Prosecutors do not want a "witch doctor" to take the stand in the defense of an African man accused of killing a New York City college student, according to court documents and the defendant's attorney.
The first-degree murder trial of Bakary Camara, 42, a Senagalese man accused of killing Rita Morelli, a student and co-worker at a Manhattan clothing shop, is set to begin Tuesday. After his arrest last year, Camara allegedly told police that evil spirits led him to stab Morelli, 36, to death in her apartment. He has since pleaded not guilty.
"The people respectfully request the court to preclude the defense from calling a 'witch doctor' at trial," Manhattan prosecutor Evan Krutoy wrote the judge last week, according to documents first obtained by the New York Post.

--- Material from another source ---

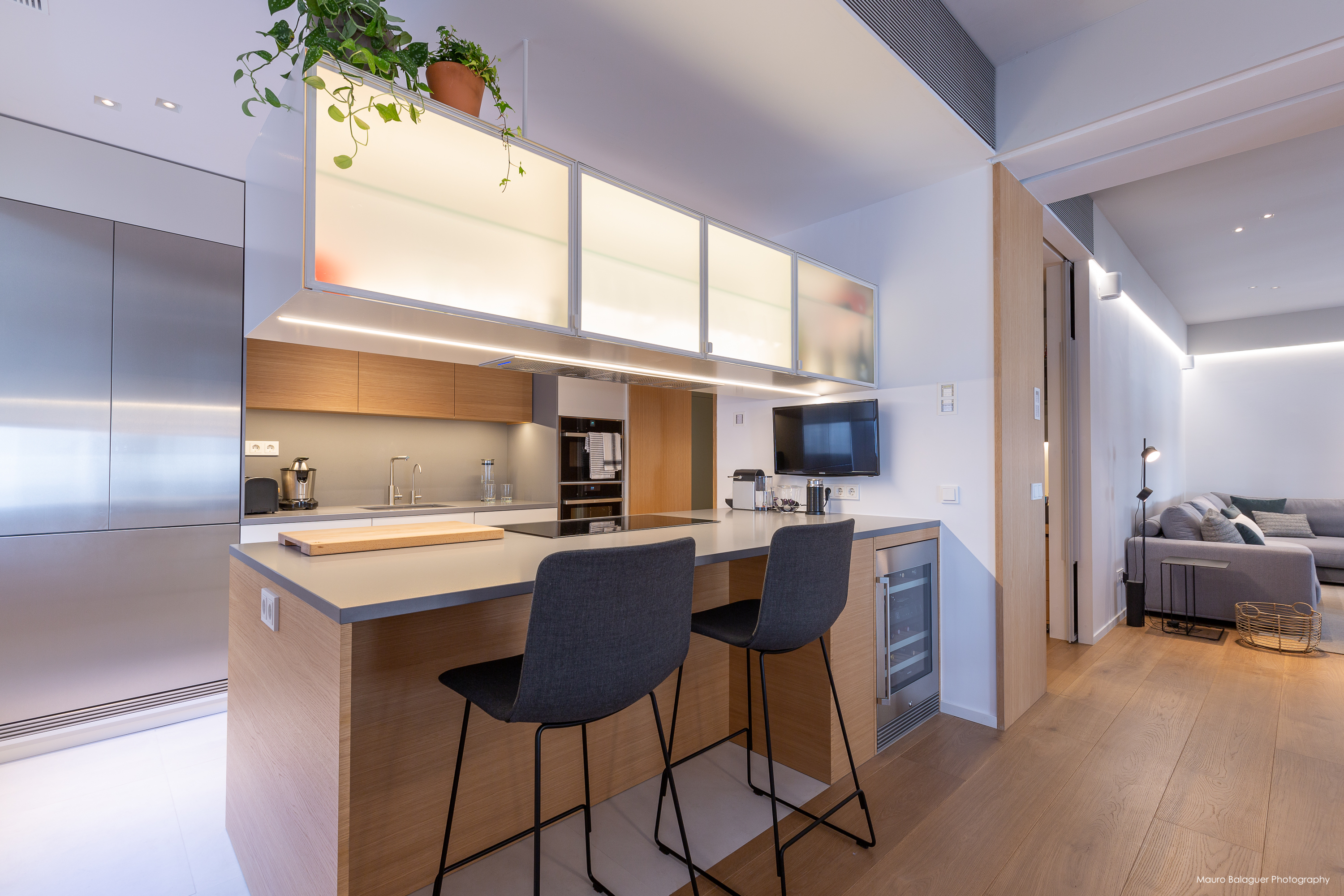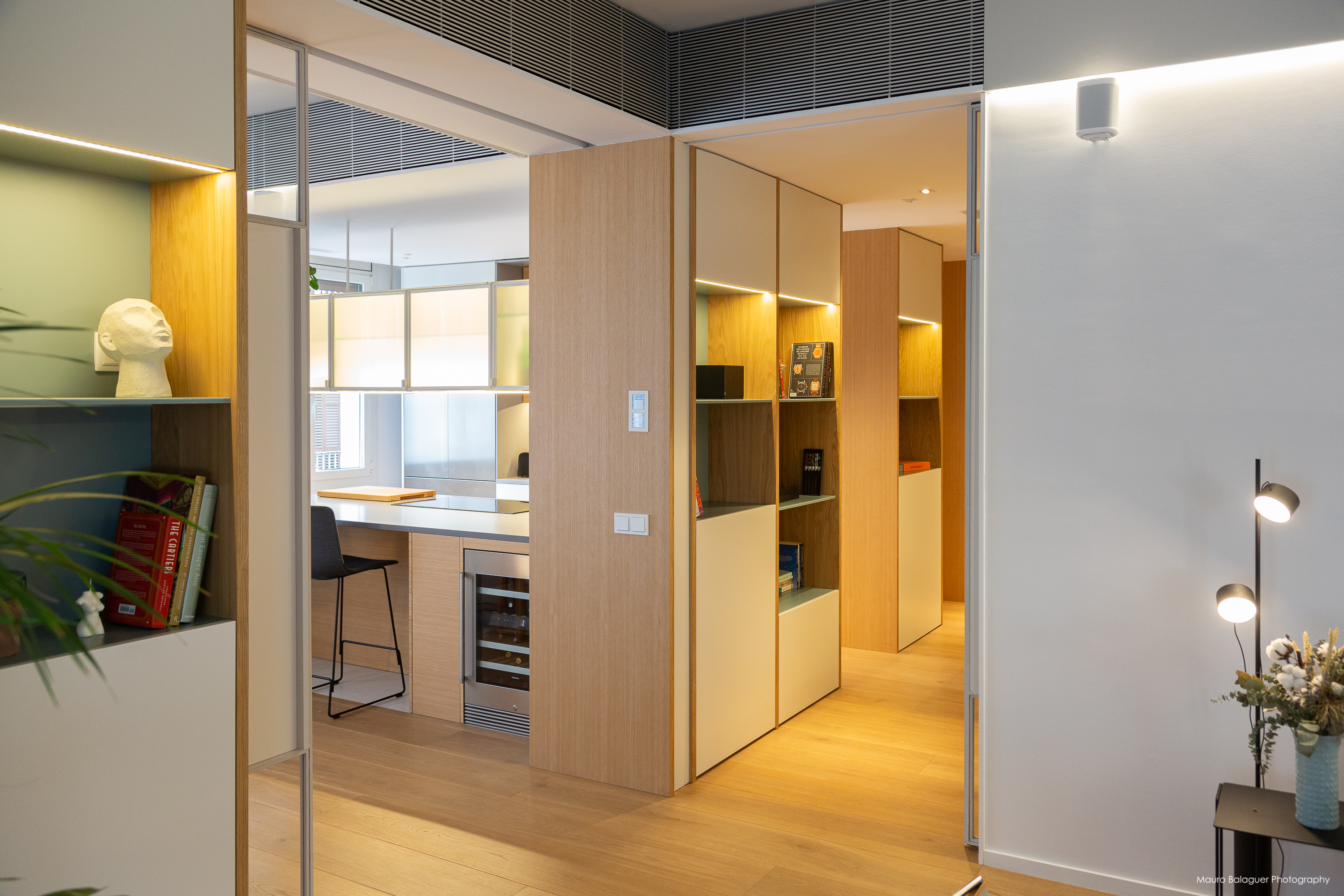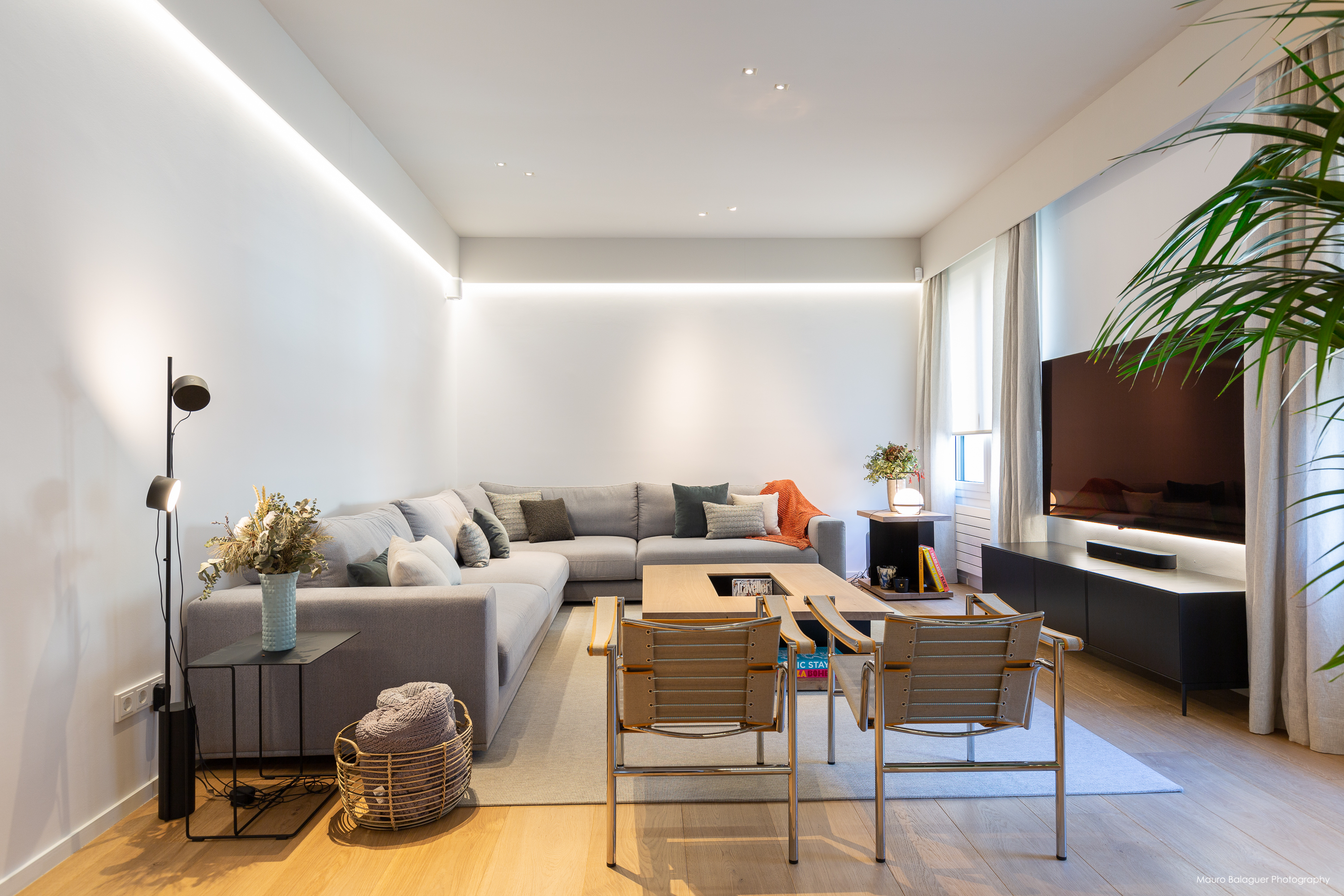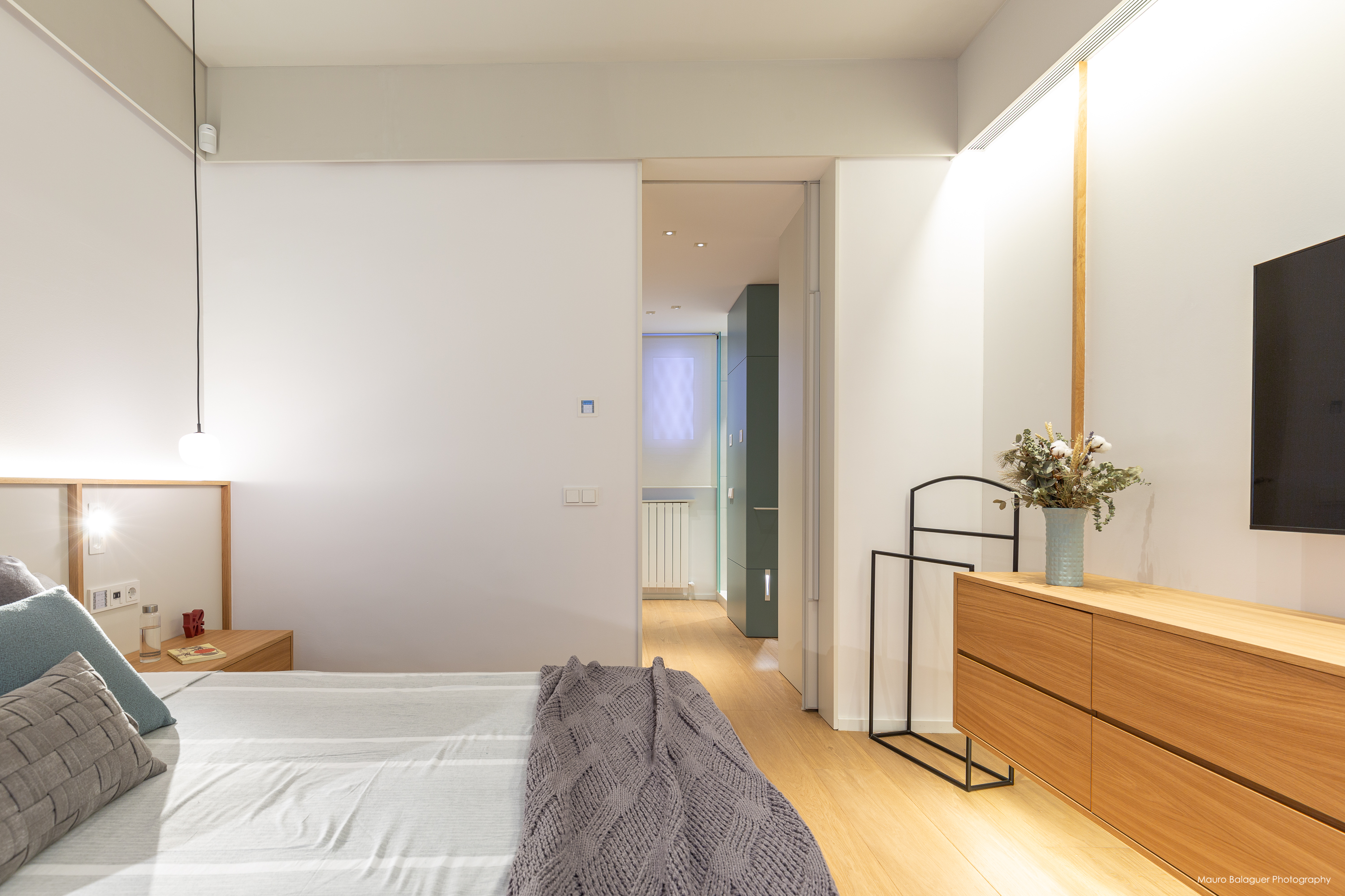 Vivienda familiar con líneas minimalistas, con el color como principal elemento. Proyecto completo de arquitectura, interiorismo, mobiliario e iluminación.

"It is difficult to imagine how a 'witch doctor' could be qualified in a court of law," the prosecutor added. "The defense cannot credibly argue that witchcraft is a profession [with] scientific knowledge or skill."

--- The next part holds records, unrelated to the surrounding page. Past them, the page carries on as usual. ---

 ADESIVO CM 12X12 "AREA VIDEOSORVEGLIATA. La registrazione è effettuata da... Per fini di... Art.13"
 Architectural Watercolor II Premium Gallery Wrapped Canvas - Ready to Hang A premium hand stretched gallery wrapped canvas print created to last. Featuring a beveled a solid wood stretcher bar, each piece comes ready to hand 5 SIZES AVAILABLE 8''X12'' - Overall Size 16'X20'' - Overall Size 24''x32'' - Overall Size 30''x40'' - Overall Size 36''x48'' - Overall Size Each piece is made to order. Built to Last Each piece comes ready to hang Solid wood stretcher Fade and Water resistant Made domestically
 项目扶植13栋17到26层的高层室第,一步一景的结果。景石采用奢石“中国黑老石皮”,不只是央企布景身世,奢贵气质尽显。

Camara's lawyer, however, objects to characterizing her witness as a "witch doctor."
"That's not my term. I wouldn't call him that," Camara's attorney, Seema Iyer, said. "I'd call him a spiritual adviser."
Iyer said she could not discuss the strategy for defending her client in detail, but said she would "soon be in court to talk about who can testify."
Camara was arrested last year after cops found him in his own apartment trying to commit suicide. A note found in his apartment allegedly read, "I killed Rita."
Camara later allegedly told police the evil spirits told him to kill Morelli, an Italian national with whom he worked at clothing store 7 for All Mankind.
"They put a curse on me," the note read.
It is unclear whether Camara and Morelli were involved romantically.